═════ RECORD EXTRACTS
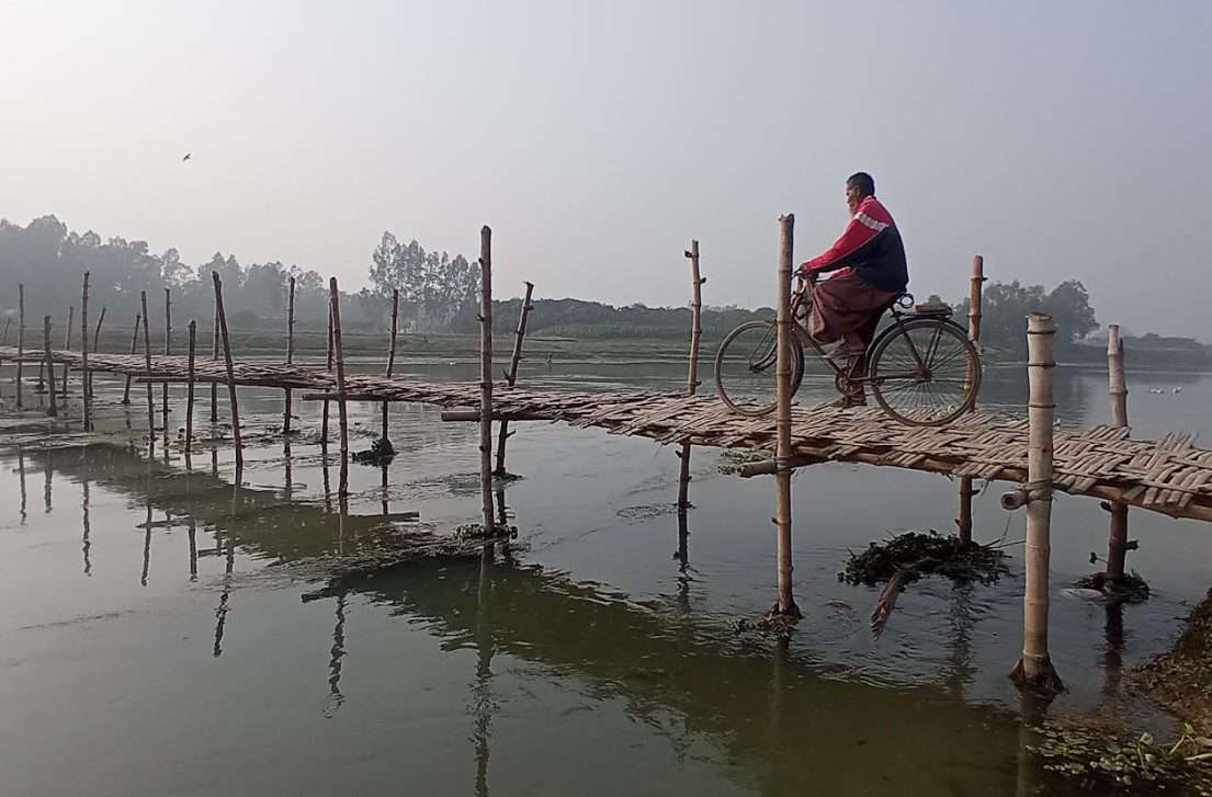 বদরগঞ্জ রংপুর প্রতিনিধিঃ- স্বাধীনতার ৫৪ বছরেও হয়নি সেতু নির্মাণ। ভোট আসলে প্রতিশ্রুতি দেওয়া হয় সেতু নির্মাণের।আজও কথা রাখেনি কেউ। রংপুরের বদরগঞ্জ উপজেলার মধুপুর ইউনিয়ন বদরগঞ্জ পৌরশহরের অংশে নির্মাণ হয়নি একটি ব্রিজ।ফলে ইউনিয়নের হাজারো মানুষের পারাপার বর্ষায় ভরসা নৌকা'নদীতে পানি কমে গেলে ভরসা তাদের বাঁশের সাঁকো। দেশ স্বাধীনের ৫৪ বছর পেরিয়ে গেলেও কোনও সরকারের আমলে নজরে আসেনি ওই স্থানে সেতুর নির্মাণের বিষয়টি।মিলেছে শুধু গালভরা প্রতিশ্রুতি এলাকাবাসীর দাবি পুরন না হলেও একদিকে বছরের পর বছর নদী থেকে বালু উত্তোলন করে ফায়দা লুটছে একটি প্রভাবশালী চক্র,অন্যদিকে বর্ষায় নৌকা আর শুকনোয় বাঁশের সাঁকো দিয়ে ইজারাদারের হয়েছে পোয়াবারো।
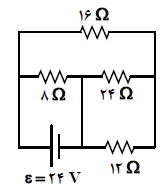 در شکل روبهرو، اختلاف پتانسیل دو سر مقاومت 24 اُهمی چند ولت است؟
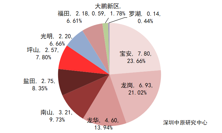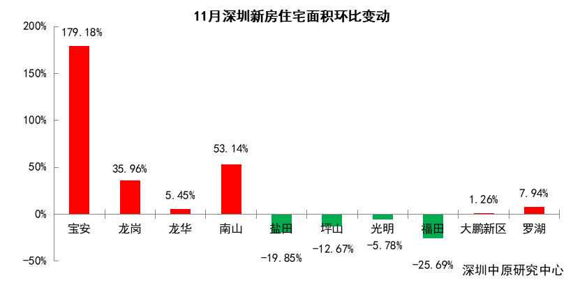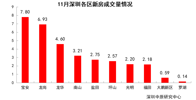 从各区成交面积来看,11月受卓越中寰等项目备案影响,宝安成交面积为7.80万平,占全市成交的23.66%。龙岗和龙华分别以6.93万平和4.60万平的成交面积位居第二和第三。
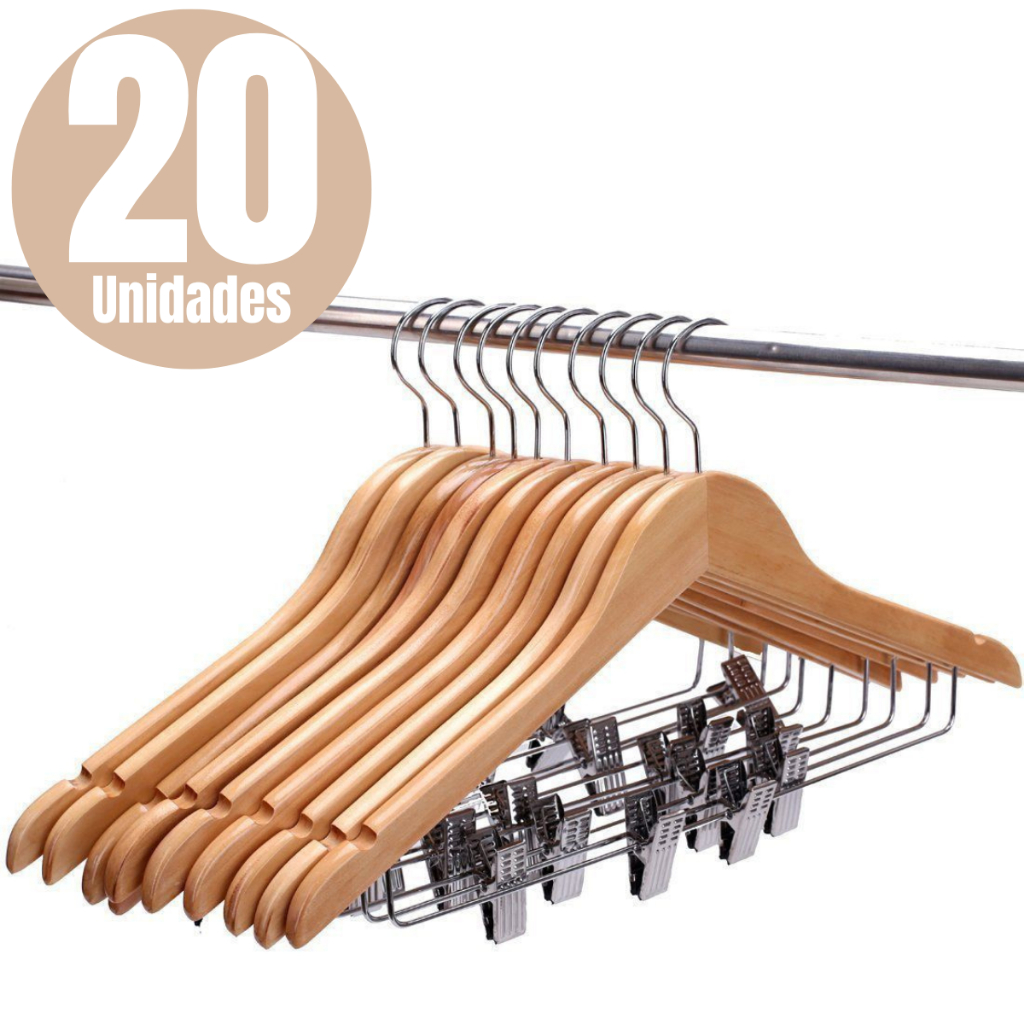 Kit 20 Cabides Madeira Presilha Marfim Envernizado Premium Adulto Saia Vestido Calça Bermuda
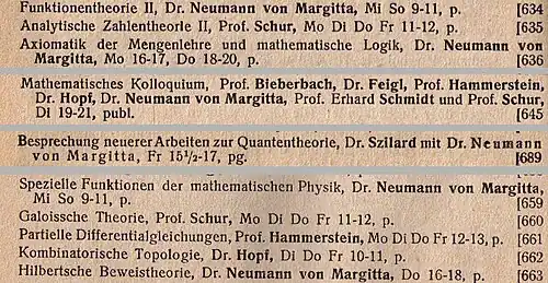Von Neumann's habilitation was completed on December 13, 1927, and he began to give lectures as a Privatdozent at the University of Berlin in 1928.[44] He was the youngest person elected Privatdozent in the university's history.[45] He began writing nearly one major mathematics paper per month.[46] In 1929, he briefly became a Privatdozent at the University of Hamburg, where the prospects of becoming a tenured professor were better,[47] then in October of that year moved to Princeton University as a visiting lecturer in mathematical physics.[48]
══════════
• _PROMPT_
When restating the records word for word, omit any picture they contain.

• _RESPONSE TO THIS TASK_
 বদরগঞ্জ রংপুর প্রতিনিধিঃ- স্বাধীনতার ৫৪ বছরেও হয়নি সেতু নির্মাণ। ভোট আসলে প্রতিশ্রুতি দেওয়া হয় সেতু নির্মাণের।আজও কথা রাখেনি কেউ। রংপুরের বদরগঞ্জ উপজেলার মধুপুর ইউনিয়ন বদরগঞ্জ পৌরশহরের অংশে নির্মাণ হয়নি একটি ব্রিজ।ফলে ইউনিয়নের হাজারো মানুষের পারাপার বর্ষায় ভরসা নৌকা'নদীতে পানি কমে গেলে ভরসা তাদের বাঁশের সাঁকো। দেশ স্বাধীনের ৫৪ বছর পেরিয়ে গেলেও কোনও সরকারের আমলে নজরে আসেনি ওই স্থানে সেতুর নির্মাণের বিষয়টি।মিলেছে শুধু গালভরা প্রতিশ্রুতি এলাকাবাসীর দাবি পুরন না হলেও একদিকে বছরের পর বছর নদী থেকে বালু উত্তোলন করে ফায়দা লুটছে একটি প্রভাবশালী চক্র,অন্যদিকে বর্ষায় নৌকা আর শুকনোয় বাঁশের সাঁকো দিয়ে ইজারাদারের হয়েছে পোয়াবারো।
 در شکل روبهرو، اختلاف پتانسیل دو سر مقاومت 24 اُهمی چند ولت است؟
 从各区成交面积来看,11月受卓越中寰等项目备案影响,宝安成交面积为7.80万平,占全市成交的23.66%。龙岗和龙华分别以6.93万平和4.60万平的成交面积位居第二和第三。
 Kit 20 Cabides Madeira Presilha Marfim Envernizado Premium Adulto Saia Vestido Calça Bermuda
Von Neumann's habilitation was completed on December 13, 1927, and he began to give lectures as a Privatdozent at the University of Berlin in 1928.[44] He was the youngest person elected Privatdozent in the university's history.[45] He began writing nearly one major mathematics paper per month.[46] In 1929, he briefly became a Privatdozent at the University of Hamburg, where the prospects of becoming a tenured professor were better,[47] then in October of that year moved to Princeton University as a visiting lecturer in mathematical physics.[48]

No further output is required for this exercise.